**The task**
Begin your copy at the line that holds "Be Happy Emoji" and carry it through the final line of the data, writing out each line exactly and omitting pictures.

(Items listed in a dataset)
····················

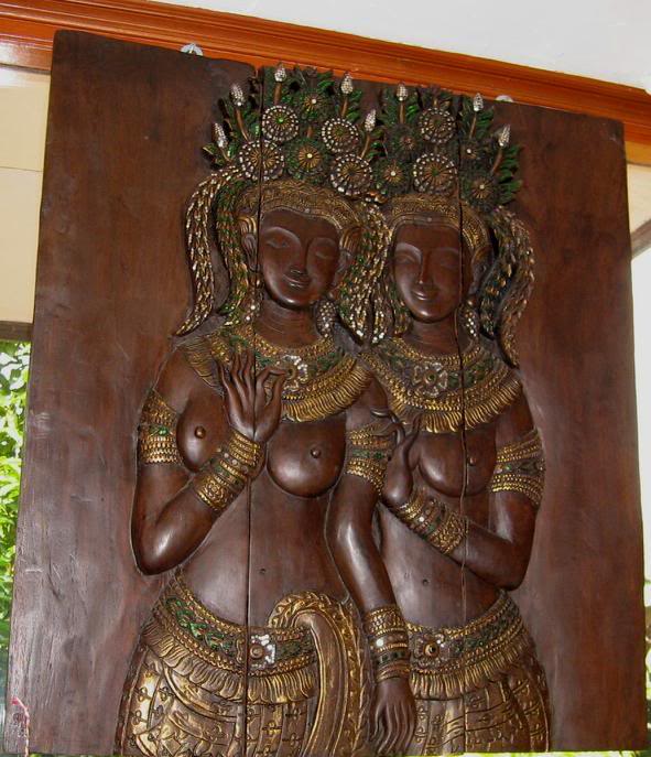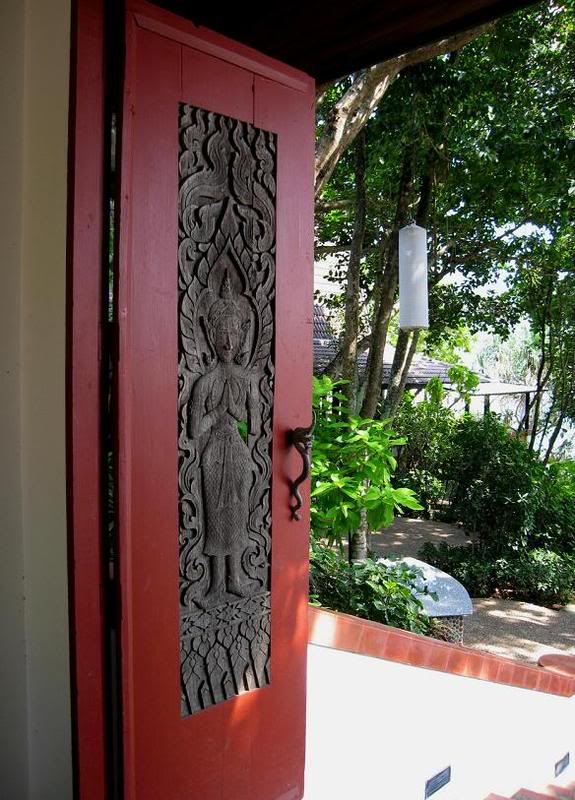 На следующий день мы решили поехать на ланч в Mom Tri’s Kitchen, ресторан, тоже отмеченный как один из лучших на острове. Волшебная резная дверь с изобращением Будды вела из дворика во внутренние пространства Mom Tri’s Villa Royale and Spa.
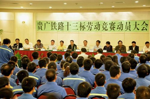 此次勞動競賽活動是為深入推進學習實踐科學發(fā)展觀活動,全面貫徹"貴以道惠民,廣以和致遠"核心理念,嚴格落實貴廣鐵路"六位一體"建設管理要求而組織實施的,旨在通過"比安全生產(chǎn),創(chuàng)平安佳績;比工程質(zhì)量,創(chuàng)優(yōu)質(zhì)精品;比工程進度,創(chuàng)一流效率;比科技攻關,創(chuàng)工藝工法;比標準化建設,創(chuàng)文明工地;比環(huán)境保護,創(chuàng)綠色通道;比廉政建設,創(chuàng)陽光工程"等"七比七創(chuàng)"勞動競賽活動,進一步激發(fā)員工勞動積極性和創(chuàng)造性,全面掀起大干快上施工高潮,確保又好又快建設貴廣鐵路,實現(xiàn)"創(chuàng)新、精品、綠色、和諧" 貴廣的宏偉目標。
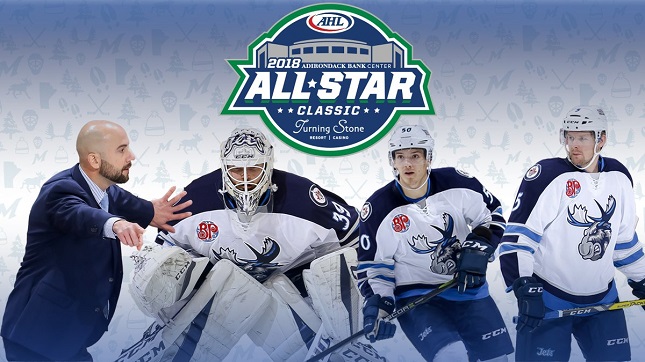 Winnipeg, MB – The Manitoba Moose Hockey Club, in conjunction with the American Hockey League, are proud to announce the Moose will be represented by goaltender Michael Hutchinson, forward Jack Roslovic, defenceman Cameron Schilling and head coach Pascal Vincent at the 2018 AHL All-Star Classic presented by Turning Stone Resort Casino in Utica, N.Y.
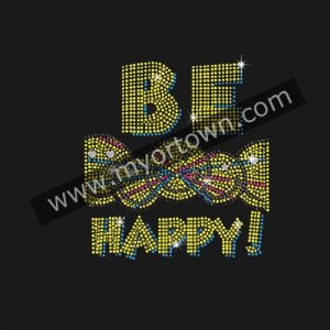 Be Happy Emoji Design Iron-on Rhinestud Transfer Design wholesale Rhinestud heat transfers, Wholesale 30pcs/lot
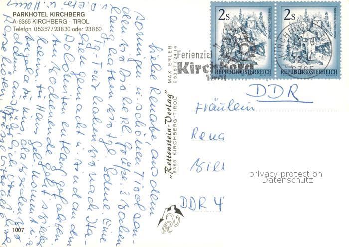 73080475 alte Postkarte Kirchberg Tirol Parkhotel Kirchberg postalisch gelaufen Erhaltung siehe scans [FriedD77] KatCode: 11390335070409
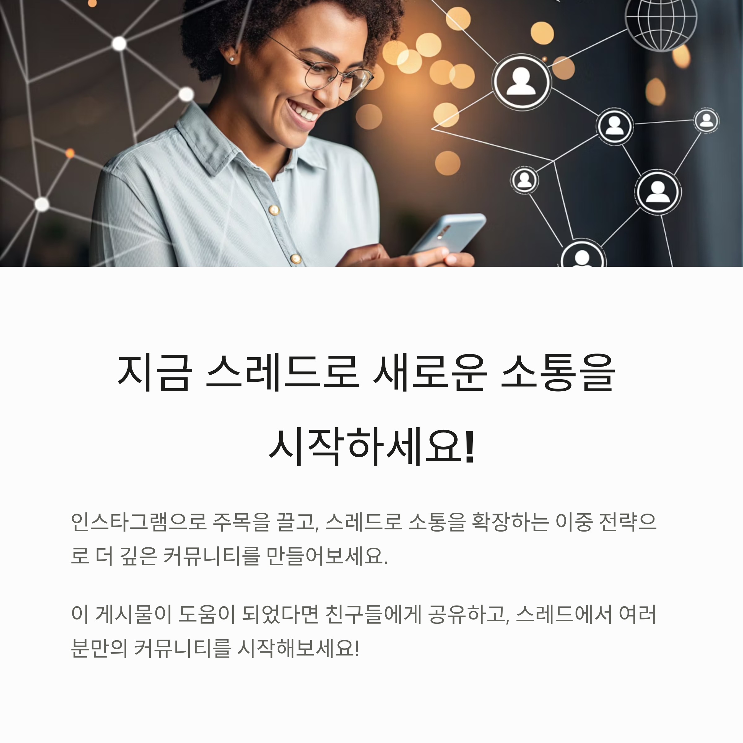 인스타그램으로 주목을 끌고, 스레드로 소통을 확장하는 이중 전략도 가능합니다.
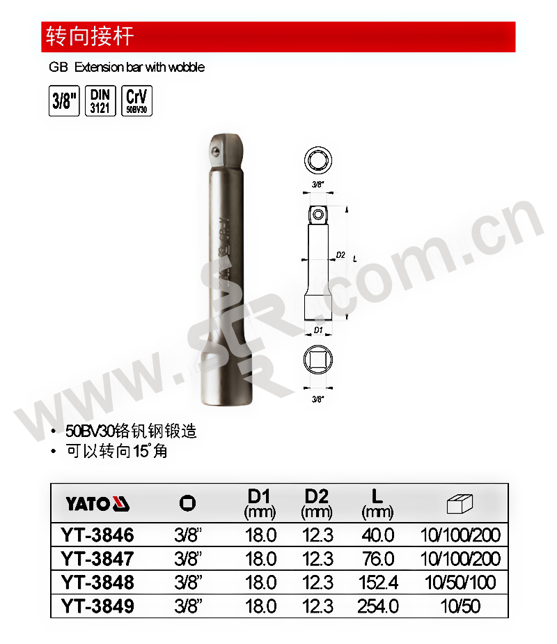 YATO/易尔拓 3/8"转向接杆 YT-3846 3/8"×40mm 1支
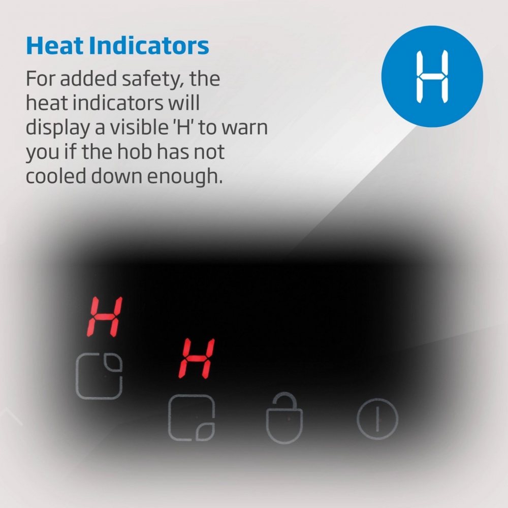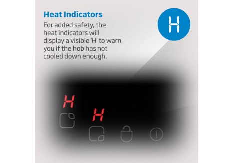 Safety is a key feature of the Beko 58cm ceramic hob black. Built-in residual heat indicators provide a clear visual warning when any of the cooking zones remain hot. The bright 'H' symbol remains lit until the surface has cooled to a safe temperature, reducing the risk of accidental burns. This safety feature is especially beneficial in busy family kitchens or homes with children.
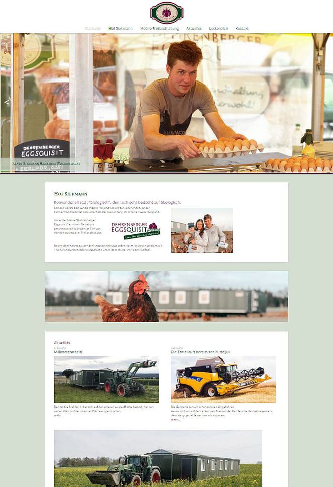 Unter dem Motto "Konventionell statt "biologisch", dennoch sehr bedacht auf ökologisch" betreibt der Hof Siekmann seit 2019 die mobile Freilandhaltung für Legehennen. Das Farmermobil befindet sich unterhalb der Riepenburg, im schönen Weserbergland.
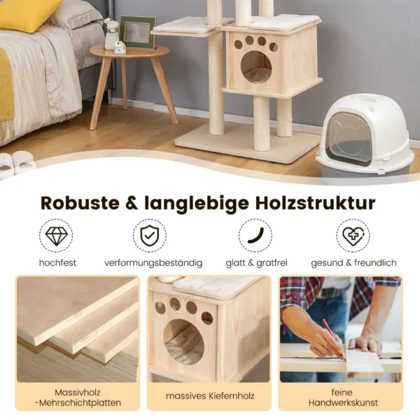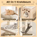 Draskyklė namelis 70x50x170cm, smėlio spalvos – tai funkcionalus ir patvarus kačių medis, skirtas aktyviam žaidimui bei poilsiui. Pagaminta iš daugiasluoksnio medžio masyvo, mediena derinama su sizalio virvėmis, suteikiančiomis idealią galimybę jūsų katėms nusitrypti nagus. Šis kačių medis pasižymi stabilumu ir patogia konstrukcija.
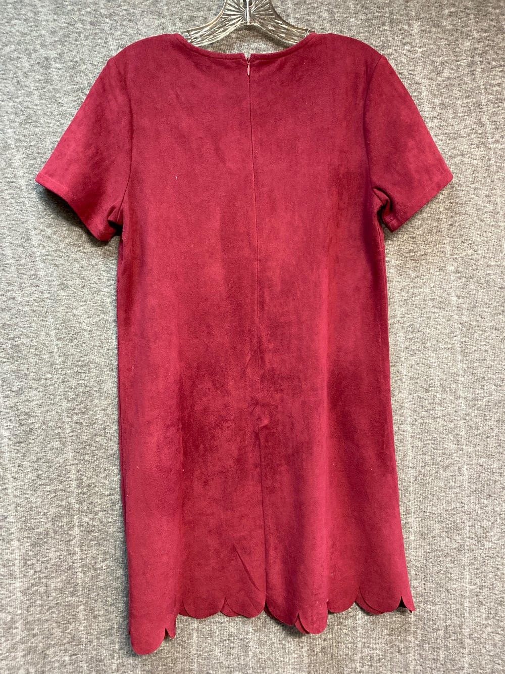 Home / Short Sleeve Dresses / MOON Maroon Velvet Look Scalloped Edge Dress

····················

**Solution to the exercise**
 Be Happy Emoji Design Iron-on Rhinestud Transfer Design wholesale Rhinestud heat transfers, Wholesale 30pcs/lot
 73080475 alte Postkarte Kirchberg Tirol Parkhotel Kirchberg postalisch gelaufen Erhaltung siehe scans [FriedD77] KatCode: 11390335070409
 인스타그램으로 주목을 끌고, 스레드로 소통을 확장하는 이중 전략도 가능합니다.
 YATO/易尔拓 3/8"转向接杆 YT-3846 3/8"×40mm 1支
 Safety is a key feature of the Beko 58cm ceramic hob black. Built-in residual heat indicators provide a clear visual warning when any of the cooking zones remain hot. The bright 'H' symbol remains lit until the surface has cooled to a safe temperature, reducing the risk of accidental burns. This safety feature is especially beneficial in busy family kitchens or homes with children.
 Unter dem Motto "Konventionell statt "biologisch", dennoch sehr bedacht auf ökologisch" betreibt der Hof Siekmann seit 2019 die mobile Freilandhaltung für Legehennen. Das Farmermobil befindet sich unterhalb der Riepenburg, im schönen Weserbergland.
 Draskyklė namelis 70x50x170cm, smėlio spalvos – tai funkcionalus ir patvarus kačių medis, skirtas aktyviam žaidimui bei poilsiui. Pagaminta iš daugiasluoksnio medžio masyvo, mediena derinama su sizalio virvėmis, suteikiančiomis idealią galimybę jūsų katėms nusitrypti nagus. Šis kačių medis pasižymi stabilumu ir patogia konstrukcija.
 Home / Short Sleeve Dresses / MOON Maroon Velvet Look Scalloped Edge Dress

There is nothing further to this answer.